There are also subsets of tracks for which the general sign relationship between sDCA and SpaceCharge do not hold. These appear to be dominated by tracks which have no hits in the inner TPC, and are rotated opposite to the typical direction caused by SpaceCharge due to GridLeak distortion effects (we believe these were not apparent in the old code because Jim has also improved the helix fitter with the new code, and these probably failed the track-fitting). One solution is to require hits in both the inner and outer TPC for all tracks used. The resulting plot using a minimum of 5 hits in both inner and outer TPC looks as follows:

(Here I have included the linear plot, showing how the log plot better separates the various datasets.)

There are no longer and TPC-only tracks with the reversed sDCA-to-SpaceCharge relationship, but there remain a few tracks with silicon hits which do flip. Examining the topology maps for these shows that they are TPC+SSD tracks with almost no hits in the outermost 10-20 rows of the TPC, or are TPC+SVT+SSD tracks with almost no hits in the innermost 7 or 8 rows; these two circumstances likely still leave the GridLeak distortion to dominate the rotation of the track.

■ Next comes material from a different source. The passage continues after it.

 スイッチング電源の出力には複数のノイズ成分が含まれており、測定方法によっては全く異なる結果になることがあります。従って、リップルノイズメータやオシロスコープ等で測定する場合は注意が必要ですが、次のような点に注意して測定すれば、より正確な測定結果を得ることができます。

The last important step is to check that these TPC+silicon tracks are beneficial to the calibration process (better than before does not mean beneficial). We can test this by looking at the SpaceCharge calibration that results from an entire file sequence's worth of events to see if tracks with silicon hits give comparable results to the TPC-only tracks. Here are such plots from a single CuCu200 file:

 


The first plot shows the three distributions atop each other, with TPC-only in black, TPC+SSD in blue, and TPC+SVT(+SSD) in red. The other three plots show fits to the three distributions. It is clear that the tracks with SVT hits do not have as good resolution in determining the SpaceCharge, but that all three sets of tracks deliver fits which are approximately the same. The similarity in the means of the fits is good news, but not quite as good as the numbers make it appear: I have chosen fit ranges that do well at fitting the peak, while the automated fitting mechanism in the calibration code will not optimize the fit to the degree that I have done manually.

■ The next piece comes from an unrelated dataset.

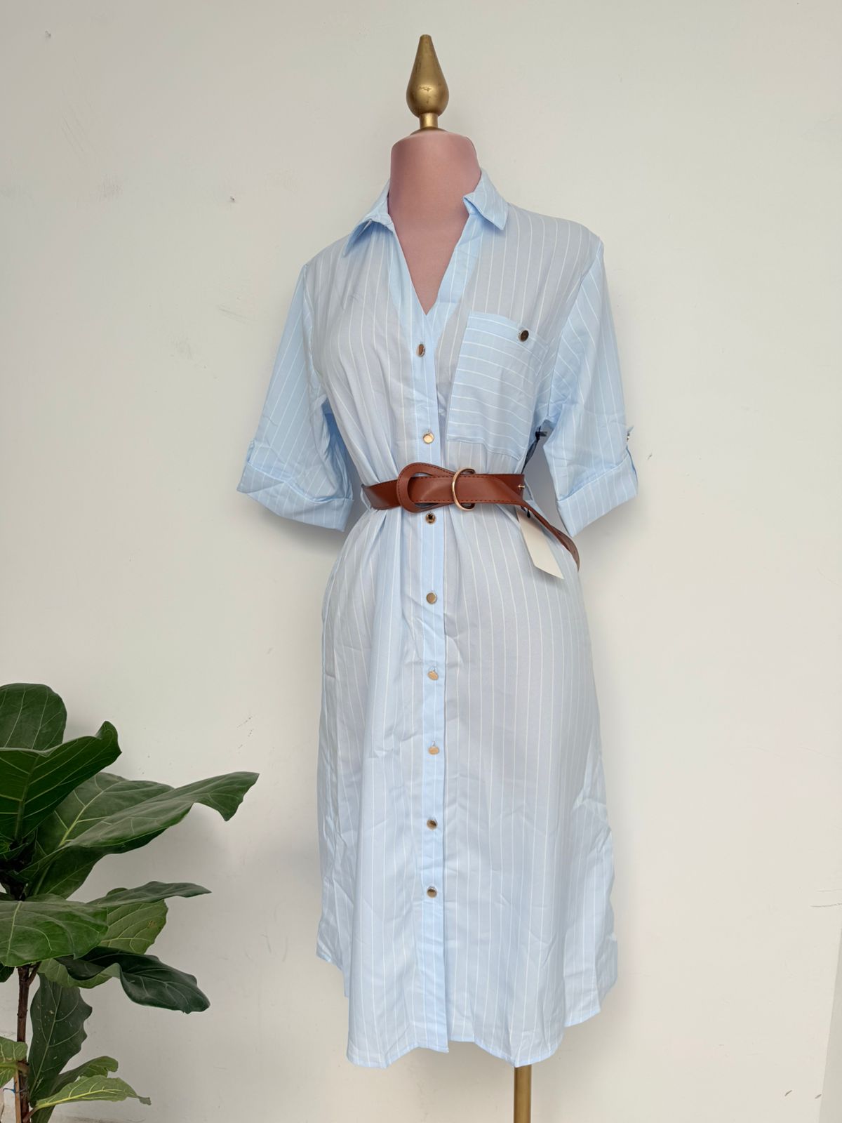 Vestido rayado con cinto

In conclusion, the new code does use tracks with SVT and SSD hits in a beneficial manner. While it might be tempting to discard tracks with SVT hits because their resolving power is not as strong, it is pertinent to note that the number of tracks containing SVT hits may not always be as minor a fraction as they are now and may become necessary statistically. Further refinements to the alignment calibration of the SVT may also contribute to improving their resolution to SpaceCharge.